I make my way along the ghats, past the blazing parasols, the men in loincloths standing on one foot with their hands clasped together, the groups of washerwomen thrashing their clothes against the steps. Here, the soft morning sun rays dance across the waters, the temples and shrines hugging the shoreline are drenched in a golden hue and the air is filled with the delicate fragrance of incense along with the soft chants of soul-stirring hymns and age-old mantras.

Behind me, the skyline is surrealistically varied: onion domes of mosques, the scarlet bell towers of modest Hindu temples, carved Jain pillars, Mughal turrets of faded khaki, gigantic statues of the Buddha. Three thousand years of architecture compacted together, overlapping even. I’ve been in Varanasi half an hour and already I understand its matchless appeal.

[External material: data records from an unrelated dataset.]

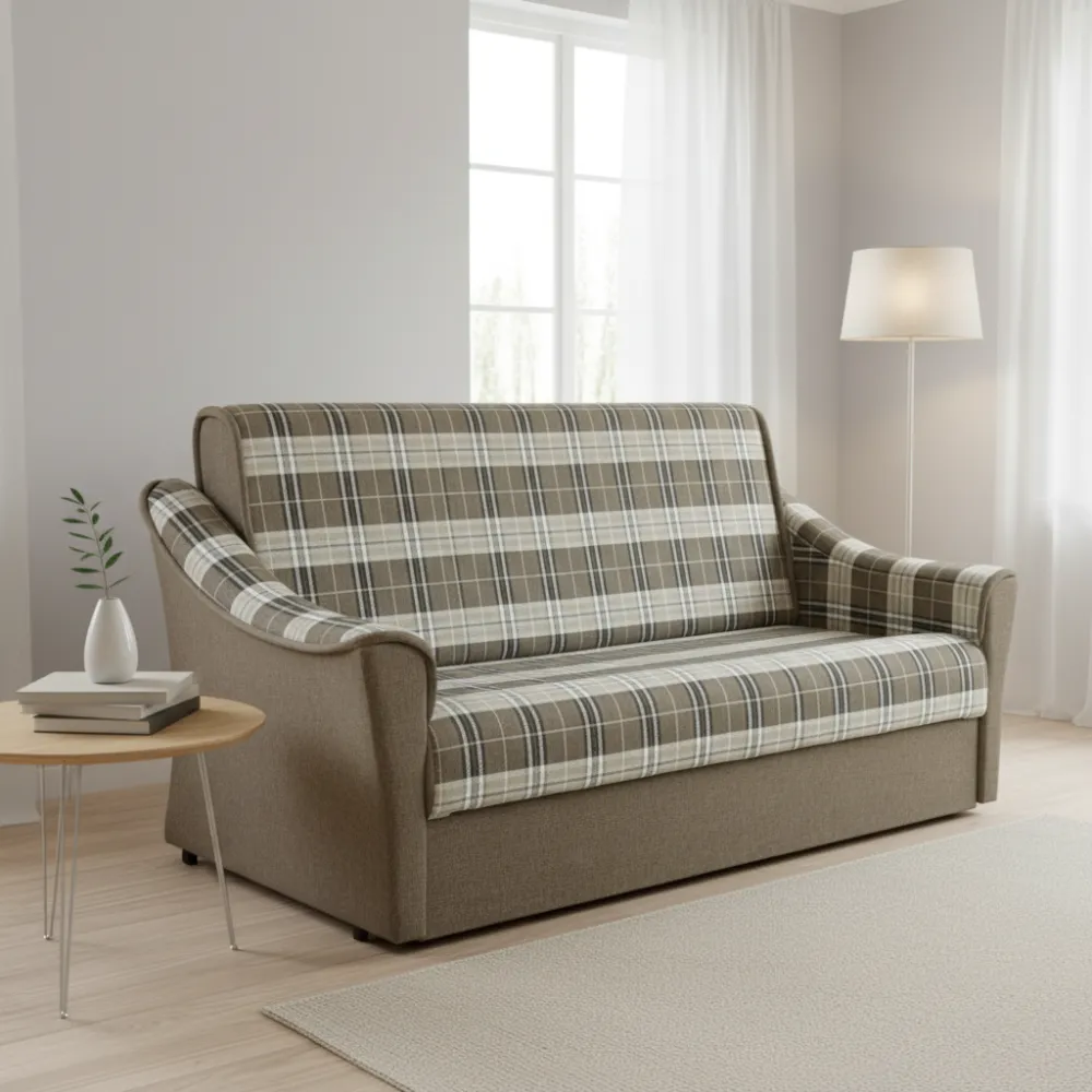 Матеріал оббивки: Тканина. Оббивка приємна на дотик і стійка до зношування, що забезпечує довговічність та легкість догляду. Колір виконання – у клітину – підкреслює естетичність моделі.
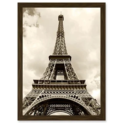 Artery8 Vintage Photo Landmark Eiffel Tower Sepia Paris France A4 Artwork Framed Wall Art Print
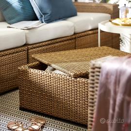Divano IKEA componibile da esterno con contenitore. Ogni modulo, incluso quello con contenitore, ha il proprio cuscino, così da poter formare un divano a L oppure essere utilizzato separatamente. Video https://youtu.be/DbnyS8f6Qic?si=O_BPYu1QRbUR2_qf + il contenitore
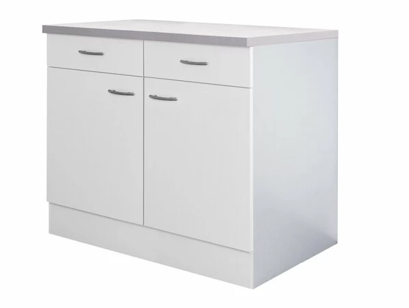 Diese Anrichte WITO mit 100 cm Breite sorgt für reichlich Stauraummöglichkeiten in Ihrer Küche! Hinter zwei Drehtüren und in zwei Schubkästen finden Sie mehr als ausreichenden Platz für viele Ihrer Küchenutensilien.

A sect of young men all dressed in the same blue smocks with bricks on their heads stop in front of me. I am naturally suspicious. One of them asks me for alms. I hand over some rupees and ask for directions to the Monkey Temple. He tells me that I need to head back through the maze.

I get hopelessly lost again. After asking for more directions, I find myself on a driveway swarming with monkeys which all, for some reason, have red rears. There are lots of monkeys here, so maybe I’m close to the Monkey Temple, I reasoned.

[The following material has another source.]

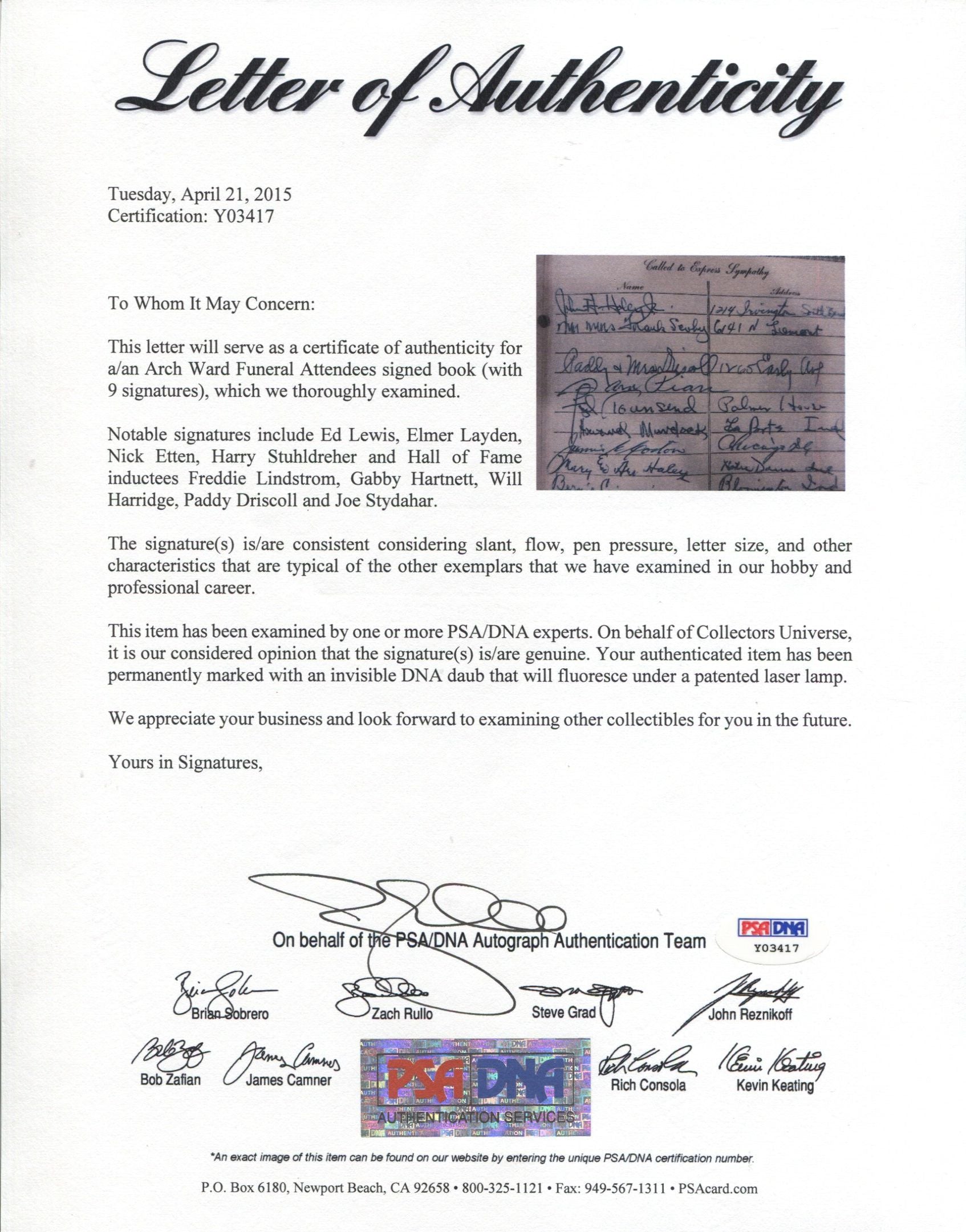 Young was an American football player, coach of football and basketball, college athletics administrator, and state legislator. He was the head football coach at DePauw University (1915), Kalamazoo College (1916-1917, 1919-1922), and Michigan Agricultural College/Michigan State College, now Michigan State University, (1923-1927). During his career as a head coach, he compiled record of 56-41-3, including an 18-22-1 mark at Michigan Agricultural/State. Young was also the head basketball coach at DePauw during the 1915-16 season and Kalamazoo from 1916 to 1923, tallying a career college basketball mark of 100-45. In addition, he served as Michigan State's first athletic director, from 1923 until 1954.The signature rates a 9/10. The page measures 6.5" x 8." Included with this item is a copy of the full LOA from PSA/DNA that covered the overall funeral book.Note: The more notable signatures have been boxed in red on the scan, but the red boxes are not present on the actual page.
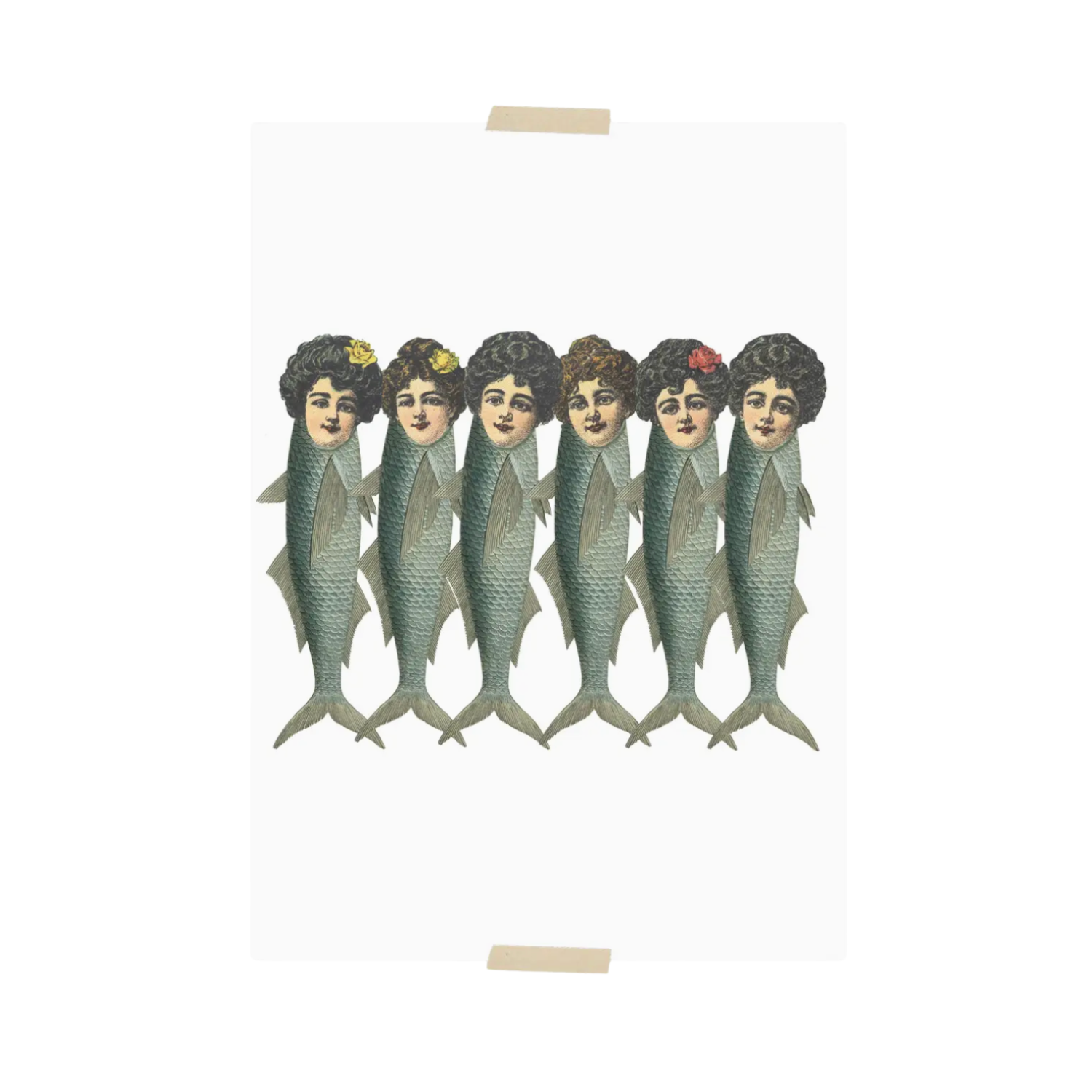 Dit is een speelse en surrealistische kaart van het merk Lylies. Op de kaart staan zes elegante dameshoofden gecombineerd met het lichaam van een vis – een charmante collage die meteen de aandacht trekt. De combinatie van vintage portretillustraties en sierlijke visvormen geeft het ontwerp een licht absurdistische en kunstzinnige uitstraling. Daardoor voelt deze kaart tegelijk nostalgisch, humoristisch en verfijnd.

A few minutes later, I am standing at a tall fence patrolled by dozens of grumpy-looking policemen with submachine guns. They are frisking visitors, confiscating their bags, cameras and mobile phones. As if that isn’t enough, there’s also a man-sized X-ray machine that all-comers must pass through. I can’t see anything of the temple itself over the fence, but there is the faint noise of singing. I can’t see the point of such zeal. Or perhaps this is a post-9/11 policy?

After the ethereal pleasures of the ghats, I am put off by this distinctly un-spiritual spectacle. I turn round and head back up the driveway. I return to the ghats—eventually—and spend the rest of my day here, watching the sun go down and the worshippers singing and dancing and the beacons and fires come alive.

The Ghats of Varanasi
One of the prime attractions of this ancient living city is undoubtedly the ghats or ceremonial stairs along the west banks of the Ganges which offers a breathtaking experience. Here, you come face to face with the physical, metaphysical and supernatural. There are about 81 such ghats, huge rectangular stairs that lead to the river. To truly enjoy and experience the beauty, rich customs, traditions and mysticism of this holy city, take a leisurely stroll, mingle with the local or better yet, take a slow boat ride on the Ganges. Some of the popular ghats are:

DASASWAMEDH GHAT is one of the oldest and the main bathing ghat which attracts thousands of pilgrims, salvation seekers and tourists.

MANIKARNIKA GHAT or “jewelled earring” is one of the oldest and perhaps the most sacred ghat. This is a cremation area where the mortal remains are “entrusted” to the flames, followed by prayers for the soul to rest in eternal peace. Hindus believe that anyone cremated here will attain moksha or salvation.

ASSI GHAT is where pilgrims bathe before paying homage to Lord Shiva, who takes the form of a huge lingam situated under a peepal tree.

TULSI GHAT is named in honour of Tulsi Das, a 16th-century poet who spent many years here composing the epic Ram Charit Manas. There is a temple on this ghat dedicated to Lord Rama.

PANCH GANGA GHAT is believed to be the place where five rivers are said to meet. The Alamgir Mosque, built by Mogul ruler Aurangzeb, is located here.

MAN MANDIR GHAT, built in the 18th century by the Maharajah of Jaipur, is noted for its splendid observatory which is outfitted with a number of elaborate window casings.